DATA EXCERPT:
■ ■ ■ ■
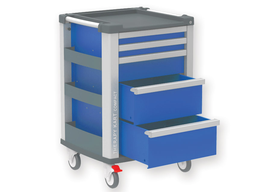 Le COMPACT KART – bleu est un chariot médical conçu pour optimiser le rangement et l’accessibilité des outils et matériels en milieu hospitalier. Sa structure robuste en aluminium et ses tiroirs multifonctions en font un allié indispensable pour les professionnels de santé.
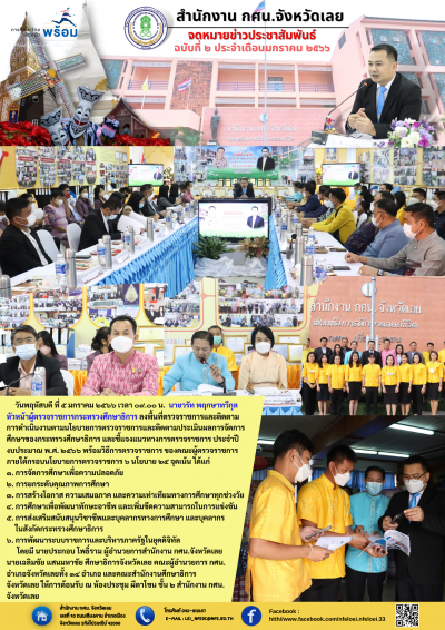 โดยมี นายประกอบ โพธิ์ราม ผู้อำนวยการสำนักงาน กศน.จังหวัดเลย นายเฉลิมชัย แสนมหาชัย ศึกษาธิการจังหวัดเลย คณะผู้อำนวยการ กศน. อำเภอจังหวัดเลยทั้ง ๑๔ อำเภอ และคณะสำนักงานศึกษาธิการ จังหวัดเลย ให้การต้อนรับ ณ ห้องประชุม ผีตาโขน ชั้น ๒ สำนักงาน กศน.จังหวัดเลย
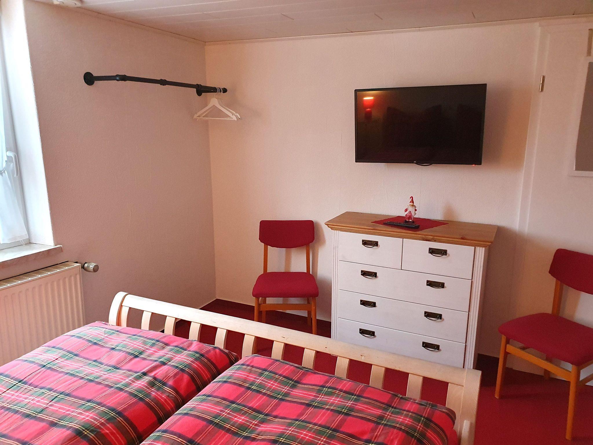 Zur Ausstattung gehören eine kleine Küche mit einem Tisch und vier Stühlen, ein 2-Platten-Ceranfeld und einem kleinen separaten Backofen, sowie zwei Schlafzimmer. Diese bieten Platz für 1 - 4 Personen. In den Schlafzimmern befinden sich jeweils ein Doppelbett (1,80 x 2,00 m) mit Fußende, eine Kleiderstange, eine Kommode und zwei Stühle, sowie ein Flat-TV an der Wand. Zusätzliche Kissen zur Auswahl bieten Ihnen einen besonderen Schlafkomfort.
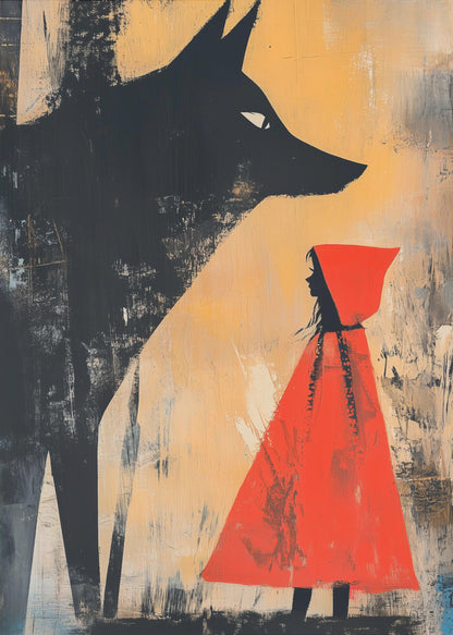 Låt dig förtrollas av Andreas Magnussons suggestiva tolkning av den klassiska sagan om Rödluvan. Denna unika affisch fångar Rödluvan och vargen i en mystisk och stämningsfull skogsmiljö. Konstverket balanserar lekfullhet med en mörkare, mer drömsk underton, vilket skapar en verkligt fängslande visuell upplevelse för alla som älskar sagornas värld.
■ ■ ■ ■
Your task is to reproduce exactly the lines from the one with "โดยมี นายประกอบ โพธิ์ราม" to the end of the material, both included, with the pictures left out.

RESULT OF THIS EXERCISE:
 โดยมี นายประกอบ โพธิ์ราม ผู้อำนวยการสำนักงาน กศน.จังหวัดเลย นายเฉลิมชัย แสนมหาชัย ศึกษาธิการจังหวัดเลย คณะผู้อำนวยการ กศน. อำเภอจังหวัดเลยทั้ง ๑๔ อำเภอ และคณะสำนักงานศึกษาธิการ จังหวัดเลย ให้การต้อนรับ ณ ห้องประชุม ผีตาโขน ชั้น ๒ สำนักงาน กศน.จังหวัดเลย
 Zur Ausstattung gehören eine kleine Küche mit einem Tisch und vier Stühlen, ein 2-Platten-Ceranfeld und einem kleinen separaten Backofen, sowie zwei Schlafzimmer. Diese bieten Platz für 1 - 4 Personen. In den Schlafzimmern befinden sich jeweils ein Doppelbett (1,80 x 2,00 m) mit Fußende, eine Kleiderstange, eine Kommode und zwei Stühle, sowie ein Flat-TV an der Wand. Zusätzliche Kissen zur Auswahl bieten Ihnen einen besonderen Schlafkomfort.
 Låt dig förtrollas av Andreas Magnussons suggestiva tolkning av den klassiska sagan om Rödluvan. Denna unika affisch fångar Rödluvan och vargen i en mystisk och stämningsfull skogsmiljö. Konstverket balanserar lekfullhet med en mörkare, mer drömsk underton, vilket skapar en verkligt fängslande visuell upplevelse för alla som älskar sagornas värld.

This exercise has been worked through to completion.